He stood stock-still in a
prophetic attitude, as though he were the Genius of Brittany rising
from a slumber of three years, to renew a war in which victory could
only be followed by twofold mourning.
"A pretty fellow this!" thought Hulot; "he looks to me like the
emissary of men who mean to argue with their muskets."

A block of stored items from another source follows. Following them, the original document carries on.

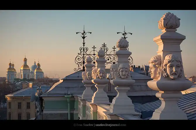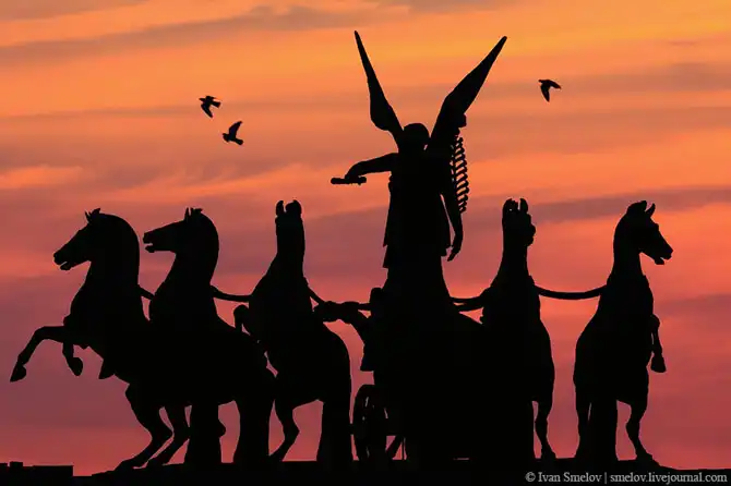 Церковь Св.Екатерины, башенка Кунсткамеры, колесница на арке Генерального штаба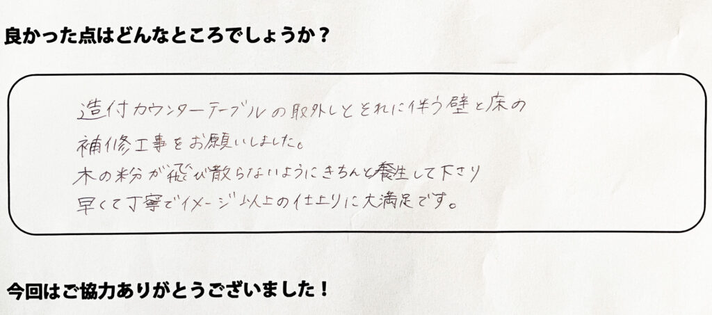 造作カウンターテーブルの取り外しとそれに伴う壁と床の補修工事をお願いしました。木の粉が飛び散らないようにきちんと養生して下さり早くて丁寧でイメージ以上の仕上がりに大満足です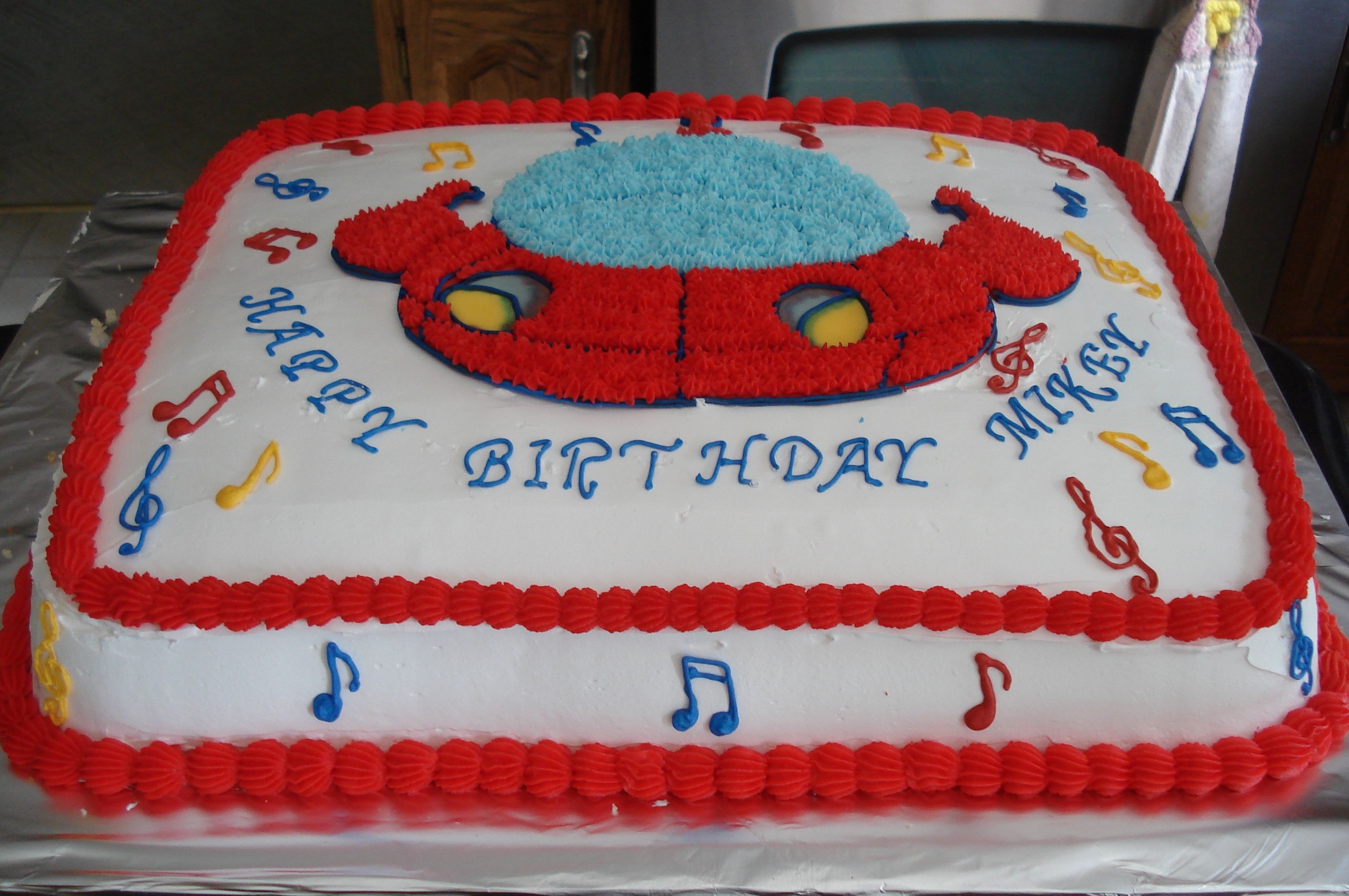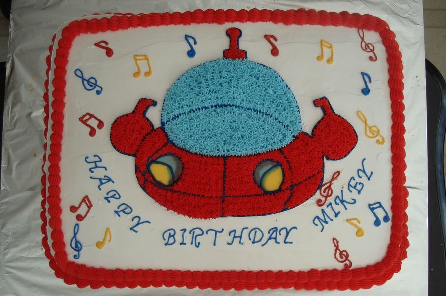 This is Little Einstein's Rocket. It is a vanilla cake with strawberry filling. All buttercream except the music notes are colorflow.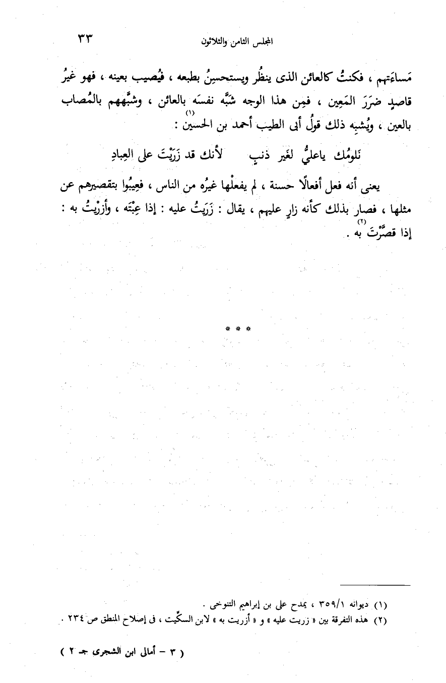 مساءتهم، فكنت كالعاين الذى ينظر ويستحسن بطبعه، فيصيب بعينه، فهو غير قاصد ضرر المعين، فمن هذا الوجه شبّه نفسه بالعائن، وشبّههم بالمصاب بالعين، ويشبه ذلك قول أبى الطيب أحمد بن الحسين (¬1):
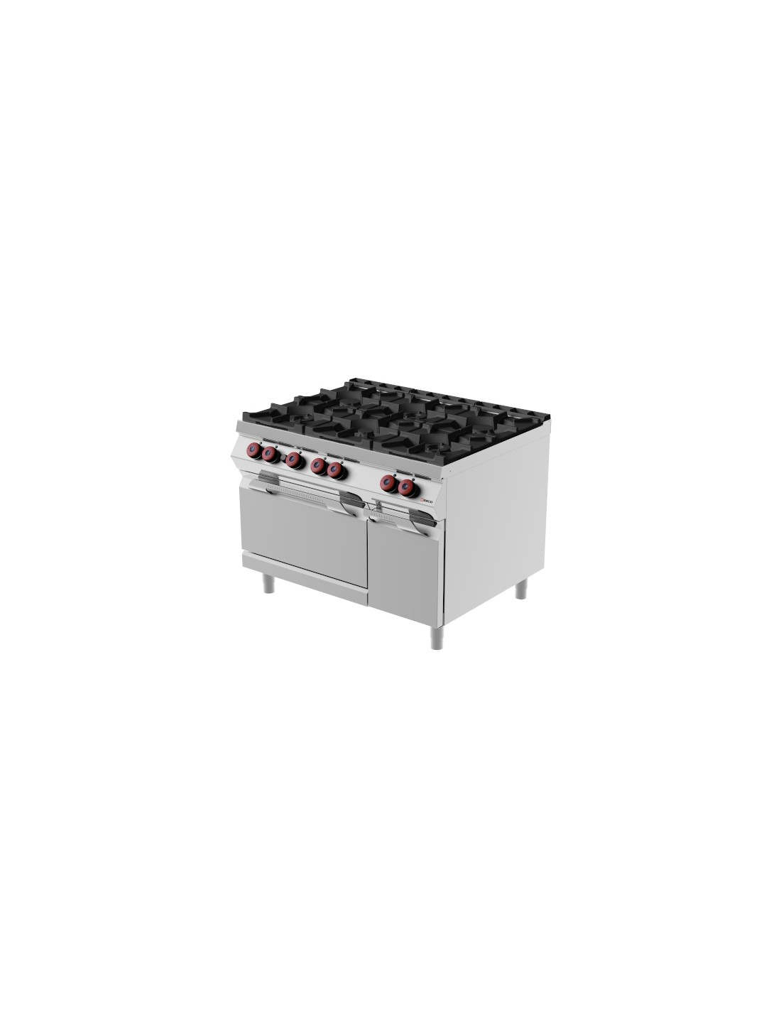 Cucina a gas con 6 fuochi aperti Desco. Cucina 6 fuochi con forno a gas GN 2/1 Dimensione mm 1200x900x900 e armadietto neutro. Dimensione forno 650x560x300 mm.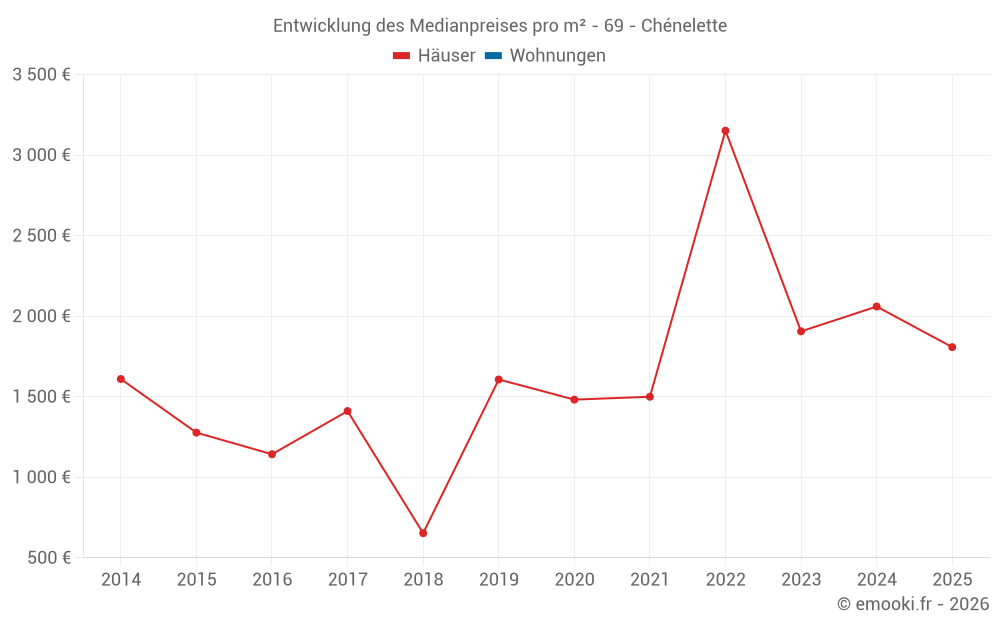 Karte der Immobilienpreise in der Gemeinde Chénelette, wählen Sie einen Abschnitt, um Transaktionen nach Parzelle zu sehen.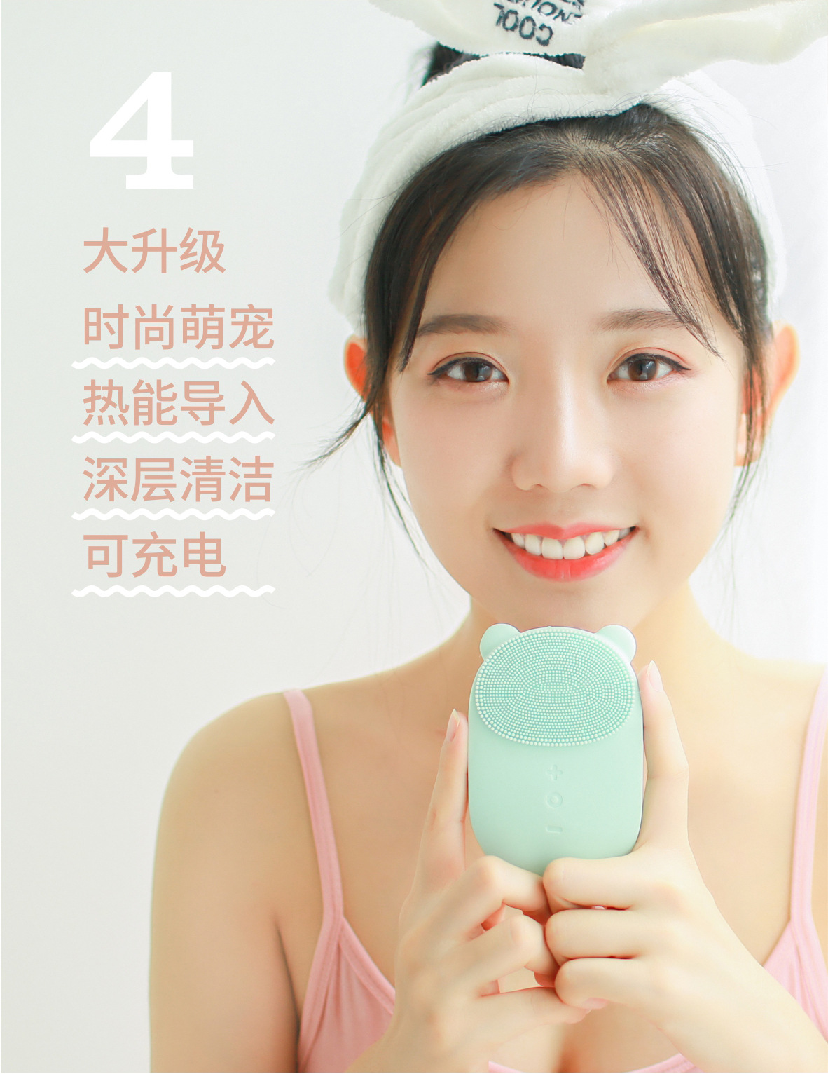 商品名称:小萌熊按摩洁面仪 电动硅胶脸部清洁器 防水美容仪 声波电动美容导入仪 美容仪小礼品

Having growled these words between his teeth, the commandant cast his
eyes in turn from the man to the valley, from the valley to the
detachment, from the detachment to the steep acclivities on the right
of the road, the ridges of which were covered with the broom and gorse
of Brittany; then he suddenly turned them full on the stranger, whom
he subjected to a mute interrogation, which he ended at last by
roughly demanding, "Where do you come from?"
His eager, piercing eye strove to detect the secrets of that
impenetrable face, which never changed from the vacant, torpid
expression in which a peasant when doing nothing wraps himself.
"From the country of the Gars," replied the man, without showing any
uneasiness.
"Your name?"
"Marche-a-Terre."
"Why do you call yourself by your Chouan name in defiance of the law?"
Marche-a-Terre, to use the name he gave to himself, looked at the
commandant with so genuine an air of stupidity that the soldier
believed the man had not understood him.
"Do you belong to the recruits from Fougeres?"
To this inquiry Marche-a-Terre replied by the bucolic "I don't know,"
the hopeless imbecility of which puts an end to all inquiry.